Required Technical Skills -
- Cloud Platforms: Proven experience managing infrastructure on AWS, Azure, or GCP.
- Monitoring & Logging: Proficiency with tools like Splunk, Datadog, Prometheus, or ELK stack.
- Ticketing Systems: Advanced knowledge of ITSM platforms such as Jira Service Desk or ServiceNow.
- OS & Scripting: Familiarity with Linux/Windows administration and basic scripting (Bash, Python).
- Strong understanding of deployment, maintenance and monitoring of Data Pipelines
Required Soft Skills -
- Crisis Management: Ability to remain calm and direct technical teams during high pressure outages.

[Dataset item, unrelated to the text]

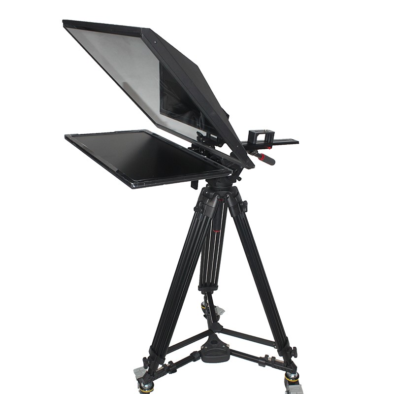 Indenpendent hand operated bracket to hold the teleprompter. The teleprompter is separated with the camera bracket, and it is much easier to move, adjust, disassemble, carry and operated.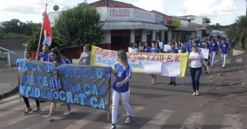 Alunos do ensino médio do colégio João 23, de Janiópolis, saíram às ruas em protesto nesta quarta-feira.

- Communication: Clear written and verbal communication for page updates and stakeholder alerts.
- Problem Solving: Strong analytical skills to spot patterns in recurring infrastructure alerts.
- Flexibility: Absolute willingness to work a rotating schedule, including nights, weekends, and holidays.
Experience & Qualifications -
- Bachelor's degree in Computer Science, IT, or equivalent practical experience.
- 7+ years of experience in a Cloud Support, NOC, or Site Reliability Engineering (SRE) environment.
- 3+ years of experience in a team lead, supervisor, or senior engineer capacity.
- Relevant certifications (e.g., AWS SysOps Administrator, Azure Administrator, ITIL Foundation) are a plus.
Note:
By submitting your application, you consent to being contacted by our Talent Acquisition team via phone call, email, SMS, WhatsApp, or other communication channels regarding your application and relevant career opportunities.